Huelga de hambre

El edificio del Hospital era bastante antiguo y rezumaba todavía algo de esa atmósfera claustral que sin duda debió tener en su primera época como convento adjunto a la iglesia de la Merced. Sus tres plantas estaban distribuidas alrededor de un agradable patio interior que le daba al conjunto una luminosidad y una paz como de invernadero. La habitación que me asignaron estaba en la primera planta y era sorprendentemente amplia, de techos altos y abovedados que descansaban, elegantes, sobre los muros macizos.

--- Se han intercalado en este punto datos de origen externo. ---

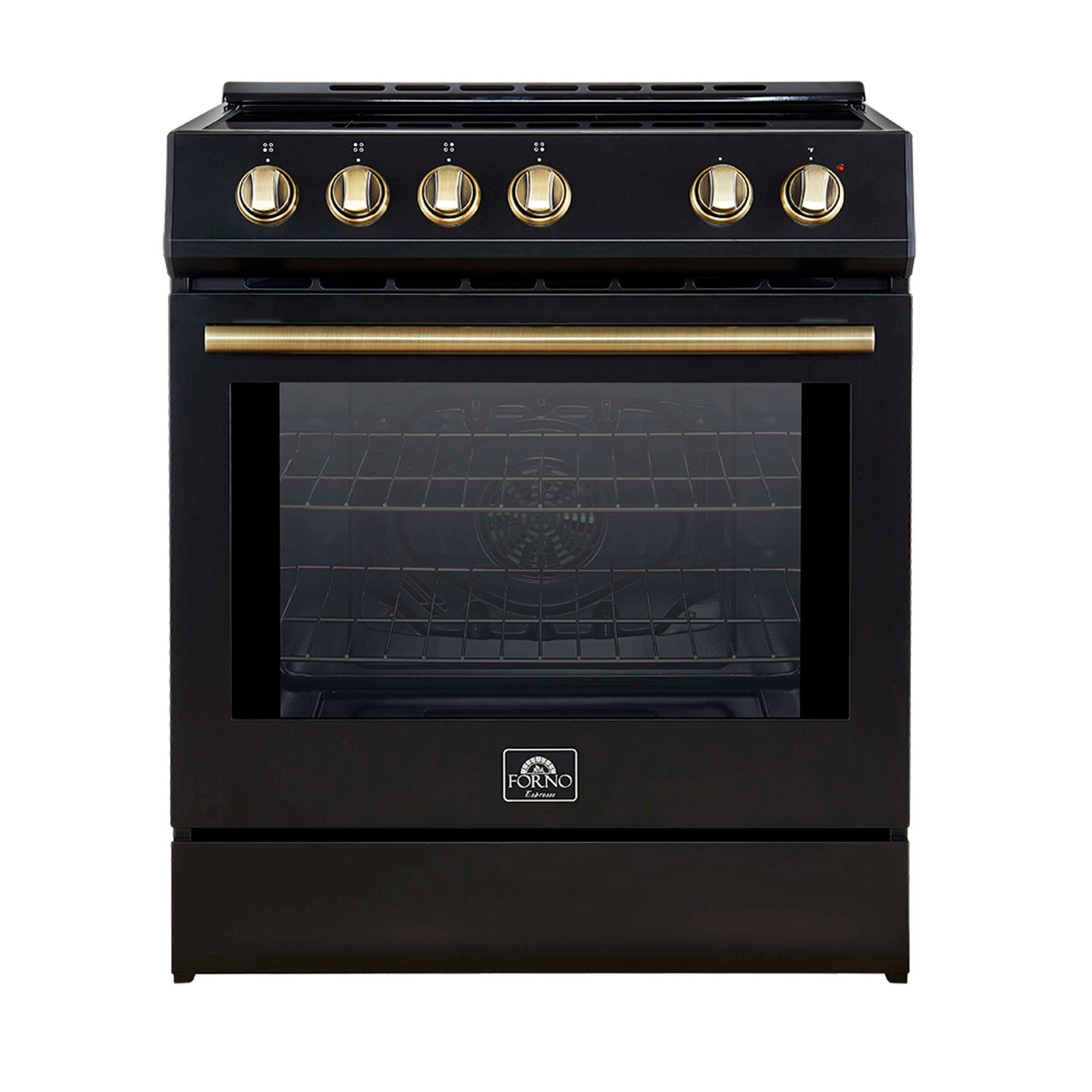 Forno Leonardo Espresso 30-Inch Slide-In Black Induction Range, Convection Oven, 5 Cooking Zones, Touch Control Panel

Había tres camas alineadas frente a un pequeño cuarto de aseo. Junto a la ventana, como una reliquia del pasado, un lavabo diminuto que seguramente utilizaban los médicos para lavarse las manos antes y después de las exploraciones. Me sentí aliviado al comprobar que mi cama era la más próxima a la ventana. Mi primer gesto fue acercarme al cristal y contemplar, con una mirada aprobadora, la entreverada arquitectura de los edificios de enfrente y las espigadas palmeras que delimitaban el contorno de la plaza. En la cama del otro lado de la habitación, junto a la puerta, yacía un hombre avejentado del que solo podía apreciar sus largos cabellos encanecidos y un poco revueltos por la almohada, un perfil enjuto y aguileño, barba muy larga y deshilachada, y una mano huesuda, nudosa, descansando plácidamente sobre el pecho que apenas subía y bajaba levemente en cada respiración. No quise molestarlo para presentarme y él tampoco mostró ningún interés por saludar ni conocer al recién llegado. Supuse que estaría a la espera de alguna intervención quirúrgica porque no tomó nada a la hora de la cena. Solo le vi beber un poco de agua y no sé si le oí musitar un escueto saludo en ese momento, mientras yo aparentaba estar enfrascado en la lectura de mi libro para no molestarlo.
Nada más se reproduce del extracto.